Last centuries, bone repair engineering is one of the most important topics for us to explore. Bone, a live biomaterial in the nature, is a good example of a dynamic tissue, since it has a unique capability of self-regenerating or self-remodeling to a certain extent throughout the life. However, many circumstances call for bone grafting owing to bone defects either from traumatic or from non-traumatic destruction. In the case of severe defects and loss of volume, bone cannot be healed by itself and grafting is required to restore function without damaging living tissues. So far, the grafting based biomaterial was attracted more and more attention and had potentiality to solve this clinical puzzle. In the repair, the suitable biomaterial scaffold is need with many excellent properties, such as biodegradablity, appropriate mechanical properties and biocompatibility and so on. In my present, a novel biodegradable piperazine-based poly (urethane urea) (P-PUU) is synthesized to meet the requirement of scaffold material in bone repair. Some methods of fourier transform infrared spectrometry (FTIR), Gel permeation chromatography with multi angle laser light scattering (GPC-MALLS), differential scanning calorimeter (DSC), nuclear magnetic resonance spectrometer (NMR), high resolving capability atomic force microscope(AFM) and classical chemical analysis were used to characterize its structures. Then mechanical tensile testing and dynamic mechanical analysis (DMA) were used to explore mechanical and shape memory properties of P-PUUs. Thirdly, the hydrophilicity/hydrophobicity, biodegradation and thermal degradation of the P-PUUs were investigated. Thereafter, the cell biocompatibility of P-PUUs was systemically evaluated. The main works and conclusions are included as follows:
1. Hydroxy group ended poly (D, L-lactide) (PDLLA diol) was synthesized by melt ring-opening polymerization of D, L-lactide using Sn (Oct) 2 as initiator and piperazine as coinitiator. Then, the conditions of ring-opening polymerization of D, L-lactide with piperazine as coinitiator were optimized. An extensive investigation effort was expended in understanding the effects of dosage of coinitiator on the molecular weight and the structure and thermal properties were characterized.

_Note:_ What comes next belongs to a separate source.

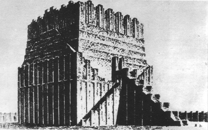 Деветдесет метра била широка тази кула в основата си, деветдесет метра била и височината й. Първият етаж бил висок тридесет и три метра, вторият — осемнадесет метра, третият, четвъртият, петият и шестият — по шест метра, а петнадесет метра бил висок храмът на вавилонския бог Мардук, покрит със злато и украсен със сини глазирани плочки, чийто блясък приветствал пътника още отдалеч.

①FTIR, 1HNMR revealed that PDLLA diol was successfully obtained by using above-mentioned system. The optimization conditions of ring-opening polymerization of D, L-lactide with piperazine as coinitiator were as follows: reaction time, 24h; reaction temperature, 150℃.

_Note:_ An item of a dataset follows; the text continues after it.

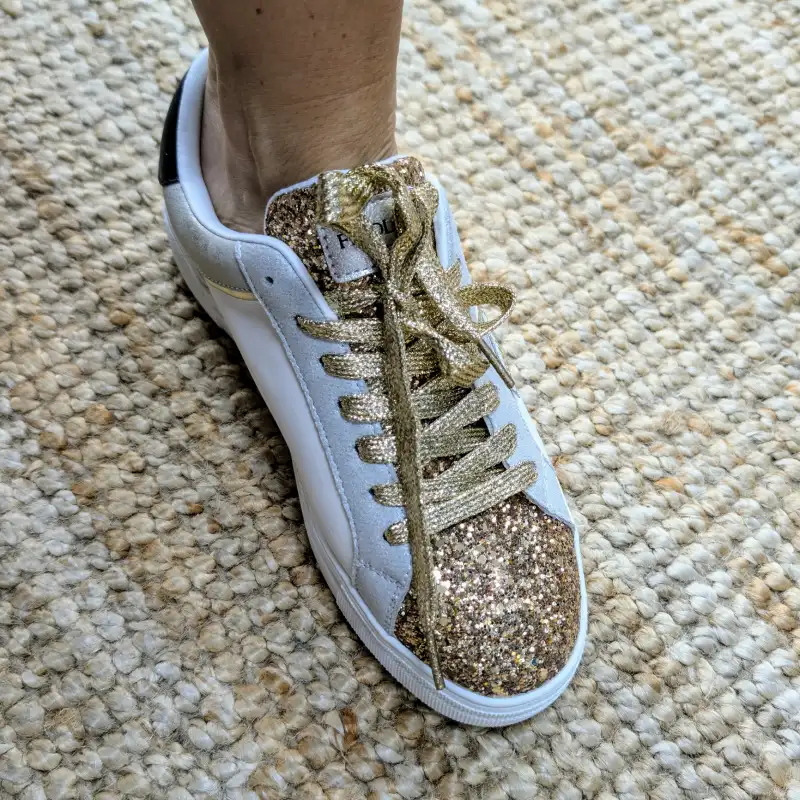 La première paire de baskets se distingue par sa couleur blanche éclatante. Elle est sublimée par des détails en strass dorés qui ajoutent une touche de glamour. Les côtés, le bout et la languette sont entièrement recouverts de strass, créant un effet scintillant à chaque pas. Les lacets dorés et pailletés apportent une dimension supplémentaire à cette chaussure, faisant d’elle le choix parfait pour une sortie en soirée ou un événement spécial.

②Hydroxyl value, 1H NMR and GPC-MALLS analysis indicated that PDLLA diol with different molecular could synthesized by varying the ratio of D, L-lactide/PP.
③The results of DSC indicated that the glass transition temperature (Tg) depended on its molecular weight and the Tg increased from 15.95 to 32.15℃with the increasing of molecular weight.
2. A series of P-PUUs materials were prepared based on PDLLA diol as the soft segment, hexamethylene diisocyanate (HDI) and piperazine (PP) as the chain extender. The effects of the reactive temperature and ratio of hard segment/soft segment were discussed, and the structure and thermal properties of P-PUUs were characterized.
①FTIR, 1H NMR and 13C NMR exhibited that, PDLLA diol have successfully reacted with HDI, and then P-PUUs with high molecular weight could obtained by chain extending reaction with PP as the chain extender. The optimization extending reaction was 30℃, nearby the room temperature.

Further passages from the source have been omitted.